Report by Federico Nanni, University of Bologna.

The first Digital Humanities Summer School, organized by the University of Bern, offered many interesting workshops to complement the main conferences.

In particular, on Friday afternoon Ph.D. student Pascal Föhr, from Basel University, gave a talk focused on the “Historical Sources Criticism in the Digital Age”. It was a really useful opportunity to change subject for a while and to switch the conversation from the analogical sources to the born digital ones.

The researcher explained some important issues that have to be taken into consideration during the archival process of this kind of documents. I will now briefly report on some of the main points of the talk.

First of all it is important to point out that we are dealing with a digital object: made out not exclusively of text but in which also graphs, pictures, dynamic elements, sound and film can be included.
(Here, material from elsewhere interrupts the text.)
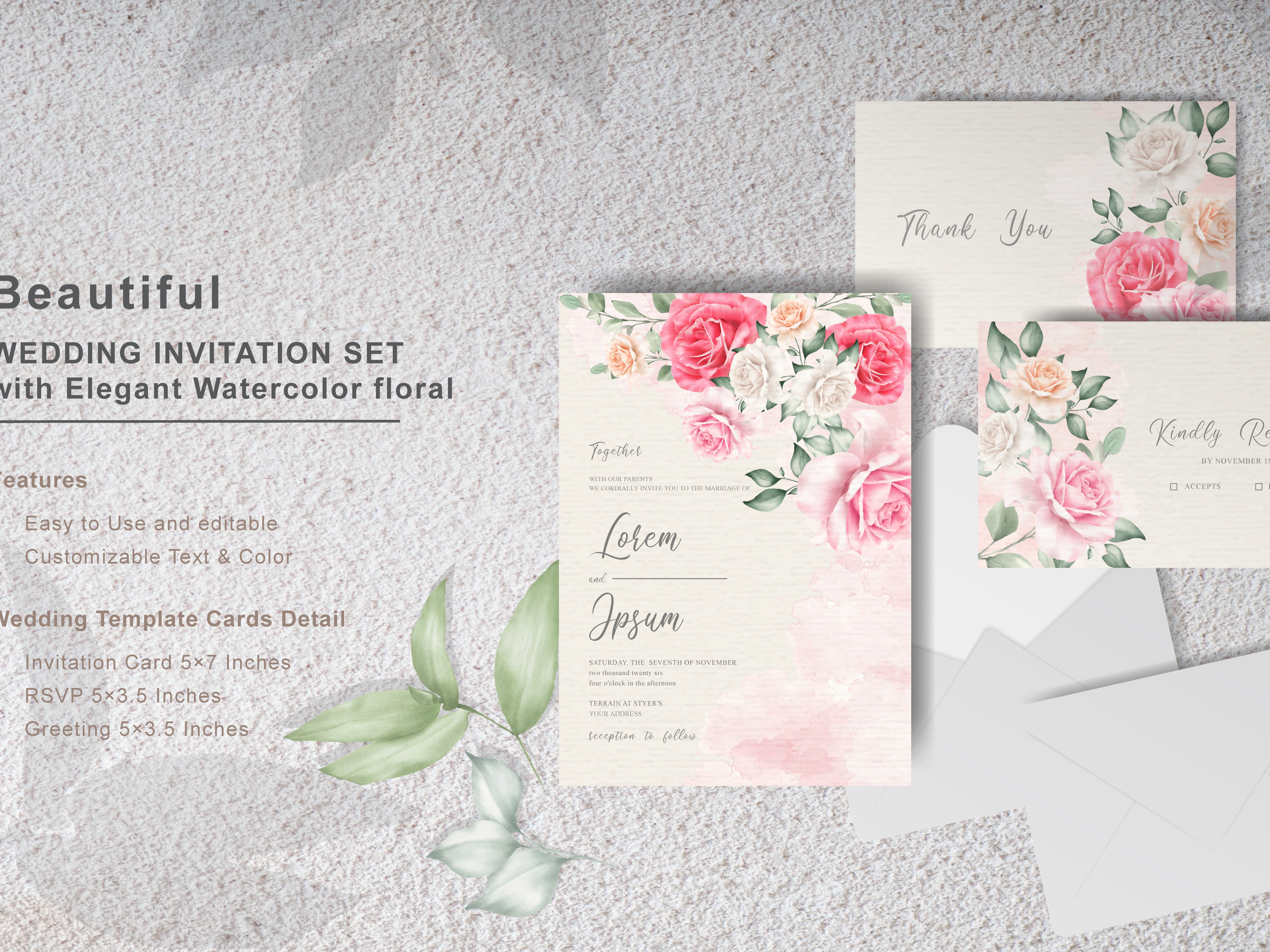 Editable Watercolor Wedding Card

These objects are not only exploited by the common users of the Internet, but they also are the starting point for 75% of all scientific researches performed on the web. In fact, nowadays most academic projects start with a Google search of sources and previous work. Given this situation, there are two main issues that have to be considered concerning the relationship between the users and the born digital objects.
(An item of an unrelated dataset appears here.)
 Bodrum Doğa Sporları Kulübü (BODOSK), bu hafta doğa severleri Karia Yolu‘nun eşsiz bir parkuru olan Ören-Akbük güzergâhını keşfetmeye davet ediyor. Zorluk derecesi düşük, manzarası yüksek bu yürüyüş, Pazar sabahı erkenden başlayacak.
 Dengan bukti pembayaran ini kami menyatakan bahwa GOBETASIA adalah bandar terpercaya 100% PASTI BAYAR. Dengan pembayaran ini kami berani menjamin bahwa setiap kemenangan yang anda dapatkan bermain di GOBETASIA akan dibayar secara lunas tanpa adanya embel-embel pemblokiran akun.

Firstly, preservation of these sources is much more complex compared to analogical ones: in fact, as Pascal underlined, a digital object is made up of 0s and 1s, is machine readable, immaterial and can’t be made material without loss of information. In addition to this, research of these sources has become increasingly challenging due to the big amount of data available.
Therefore, it is important to guarantee accessibility of these documents in time, their integrity (undamaged, unmanipulated) and their autenticity (originality, reliability, plausibility); otherwise the complete verificability of sources, one of the pillars of academic research, will be missing.

Because of my studies – I wrote a Master’s Thesis focused on the preservation of born digital documents published by online newspapers – I completely agree with Pascal’s point of view and I believe that web archiving is one of the most important projects organized by the national libraries from all around the world. In particular, in Italy since 2006 the National Central Library of Florence and the National Central Library of Rome, in collaboration with the “Rinascimento Digitale” foundation started to preserve the Italian World Wide Web; anyway since today there hasn’t been the possibility to explore and consult this heritage.

Another important aspect of born digital documents preservation is the absolute necessity of a continuous improvement of search engine and text analysis tools. In fact, the WWW keeps growing day after day and, as an obvious consequence, the digital archives will grow too. So I think it is really important that us, as digital humanists, continue to focus our researches also on the “semantic web” discussions, both in the theoretical and in the practical area. For digital historians in particular the web will become, year after year, the main important collection of sources and documents concerning the present, so only with better search and text analysis tools we will be able to perform more complete historical researches.

To conclude, I found Pascal’s workshop a really interesting opportunity to point up one of the most recent and challenging issue for digital humanists and to exchange different opinions and discuss possible approaches.